Sets are determined uniquely by their elements. This is expressed formally as $$ \forall x \forall y \big(\forall z (z\in x\leftrightarrow z\in y)\rightarrow x=y\big).$$

The “$\rightarrow$” can be replaced by “$\leftrightarrow$”, but the $\leftarrow$ direction is a theorem of logic. Optionally, the axiom of extensionality can serve as a definition of equality, and a different axiom can be used in its place: $$\forall x \forall y \big(\forall a (a \in x \leftrightarrow a \in y) \rightarrow \forall b (x \in b \leftrightarrow y \in b)\big)$$

meaning that sets with the same elements belong to the same sets.

### Empty set

There exists some set. In fact, there is a set which contains no members.
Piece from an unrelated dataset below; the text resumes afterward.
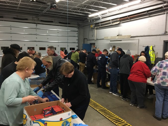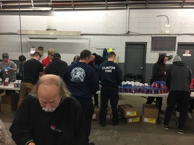 Wow! Thanks to our over 35 volunteers who came out to help pack candy for the annual Clinton Township Christmas Parade. According to Chief Fraley we set a NEW RECORD! 75 minutes and 3,250 boxes packed! Thanks everyone! Santa will be delivering all the goodies this Saturday from 9:00 AM on the west side then to the east side around 11:00 AM!

This is expressed formally $$ \exists x \forall y (y\not\in x).$$

Such an $x$ is unique by extensionality and this set is denoted by $\emptyset$.

### Pairing

For any two sets $x$ and $y$ (not necessarily distinct) there is a further set $z$ whose members are exactly the sets $x$ and $y$.
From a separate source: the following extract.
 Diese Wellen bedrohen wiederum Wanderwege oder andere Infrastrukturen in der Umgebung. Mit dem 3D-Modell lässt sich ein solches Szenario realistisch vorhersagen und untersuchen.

$$ \forall x \forall y \exists z \forall w \big(w\in z\leftrightarrow (w=x\vee w=y)\big).$$

Such a $z$ is unique by extensionality and is denoted as $\{x,y\}$.

### Union

For any set $x$ there is a further set $y$ whose members are exactly all the members of the members of $x$. That is, the union of all the members of a set exists. This is expressed formally as

$$\forall x \exists y \forall z \big(z\in y \leftrightarrow \exists w (w\in x \wedge z\in w)\big).$$

Such a $y$ is unique by extensionality and is written as $y = \bigcup x$.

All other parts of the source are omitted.